The job is literally out of this world. A faculty member in the IU Bloomington College of Arts and Sciences’ Department of Earth and Atmospheric Sciences for the past 30 years, Pratt was sworn in to her new position Feb. 5 in Washington, D.C. She will remain a professor emerita at IU.

In her new role, Pratt is responsible for protecting our planet from potential extraterrestrial life forms, as well as preventing transportation of Earth’s microbes on exploratory missions to other planets, like Mars. The position is within NASA’s Safety and Mission Assurance Technical Authority.

“These are our first steps,” she said. “In our own solar system, our own backyard, is there evidence of another form of life that is similar enough to life as we know it on Earth to recognize it as living? We need to start the quest by carefully exploring the planetary bodies near Earth.”

But rather than aliens invading Earth, Pratt’s major concern is the “extraterrestrial side.” Her position guards against accidentally carrying bits and pieces of Earth to other planets. This is especially important since discoveries over the past 10 years – such ice near the surface of Mars – have caused scientists to regard the planet as much more habitable than previously thought.

What qualifies a person to serve as a real-life “guardian of the galaxy”? Pratt said her research at IU prepared her for NASA. Joining the university’s faculty in 1987, she has worked to understand how microorganisms adapt to extreme environments. To do so, she had to visit places where people hadn’t done much looking.

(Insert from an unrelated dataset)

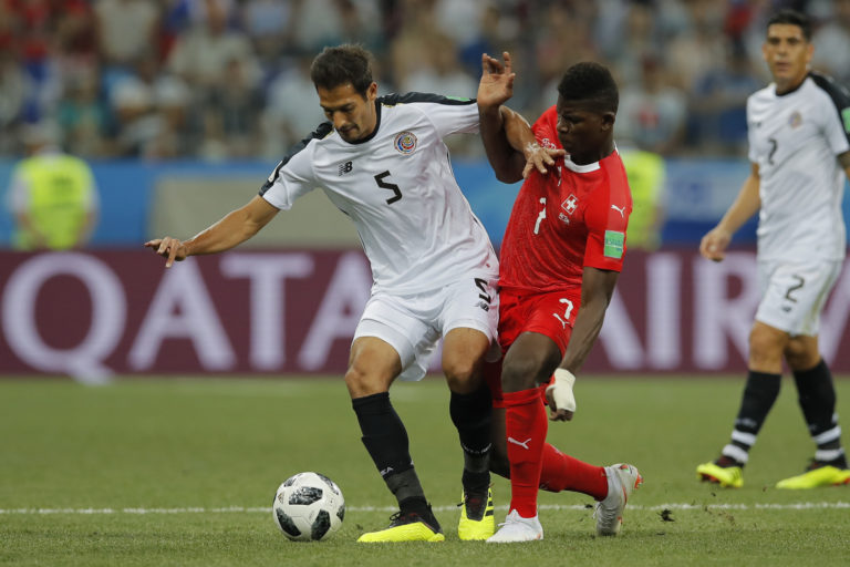 Hráč Kostariky Celso Borges (vľavo) v súboji o loptu s hráčom Švajčiarska Breel Embolom v zápase na MS vo futbale 2018, 27. júna 2018 Foto: SITA/AP

Lisa Pratt drilling holes on the Greenland ice sheet.
Lisa Pratt.

Top left photo by Anna Powell Teeter; top right and bottom photos courtesy of Honeybee Robotics Spacecraft Mechanisms Corp.

The first project that led to work with NASA came about 15 years ago. She and colleagues from across the globe ventured into active gold mines in South Africa to search for life in the hot waters that flow deep underground. It turned out to be a critical moment in her career, she said. Because the research was closely coupled to things that NASA wanted to know about life in extreme environments, the agency began to fund future projects – as well as invite her to sit on committees and serve on review panels.

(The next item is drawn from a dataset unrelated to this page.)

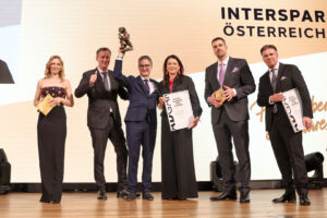 Die begehrte Auszeichnung als „Printwerber des Jahres 2025“ sicherte sich Interspar Österreich. „Interspar Österreich gibt Print seit Jahren einen fixen Platz im Mediamix und setzt Zeitungen und Magazine konsequent ein, um qualifizierte Reichweite, Vertrauen und Orientierung zu schaffen. Dieses klare Bekenntnis zu Print macht Interspar Österreich zu einem höchst verdienten Printwerber des Jahres 2025“, so Helmut Schoba (VGN Medien Holding), VÖZ-Vorstandsmitglied und Vorsitzender des Boards Werbemarkt, in seiner Laudatio. Gemeinsam mit VÖZ-Geschäftsführer Gerald Grünberger überreichte Schoba die Trophäe an Michaela Blüml, Geschäftsführer-Stellvertreterin von Interspar Österreich, und Hans Jürgen Wimmer, Bereichsleiter Marketing und Werbung bei Interspar.

But studying life at high temperatures didn’t provide enough insight into how organisms might survive the low temperatures on Mars – or potentially the icy moons of Jupiter and Saturn. Therefore, Pratt pursued similar work in the Canadian Arctic and, most recently, co-led a $2.4 million grant from NASA’s Astrobiology Science and Technology for Exploring Planets program to sample methane on the margin of the Greenland ice sheet. That project was a collaboration with Jeffrey White, a professor in the IU School of Public and Environmental Affairs.

“Everything I’ve been working on and doing with my students has contributed to preparing me to think about how we sample life in extreme environments on Earth, and what we look for, learning from our field campaigns on Earth and then trying to translate that work to a robotic mission on a remote landing,” she said.

Looking forward, Pratt said she’s excited for the Mars 2020 mission, which will be the first step in potentially bringing back samples from Mars to study in labs on Earth. Smaller missions to further look at Mars are in the works, too.

“Mars is relatively clean, so let’s try to find the answers before we change the conditions forever,” Pratt said.

The effort will require a lot of hard work, careful investigation and collaboration with other nations to create policies regarding future planetary exploration. But Pratt is up for the challenge.

“I’m thrilled that at this point in my career, I’m able to shift from environmental research on Earth to thinking about how to safely and ethically conduct the search for the evidence of life on Mars and the other planetary bodies,” she said. “I fully expect we will encounter life in our solar system.”

Although her new role at NASA requires her to live in Washington, D.C., Pratt will regularly return to IU to work with Ph.D. students who are conducting research in her lab on campus.

“Bloomington is home, and I have no intention of that changing,” she said. “I see myself being an active emerita faculty member and maintaining very strong ties to campus.”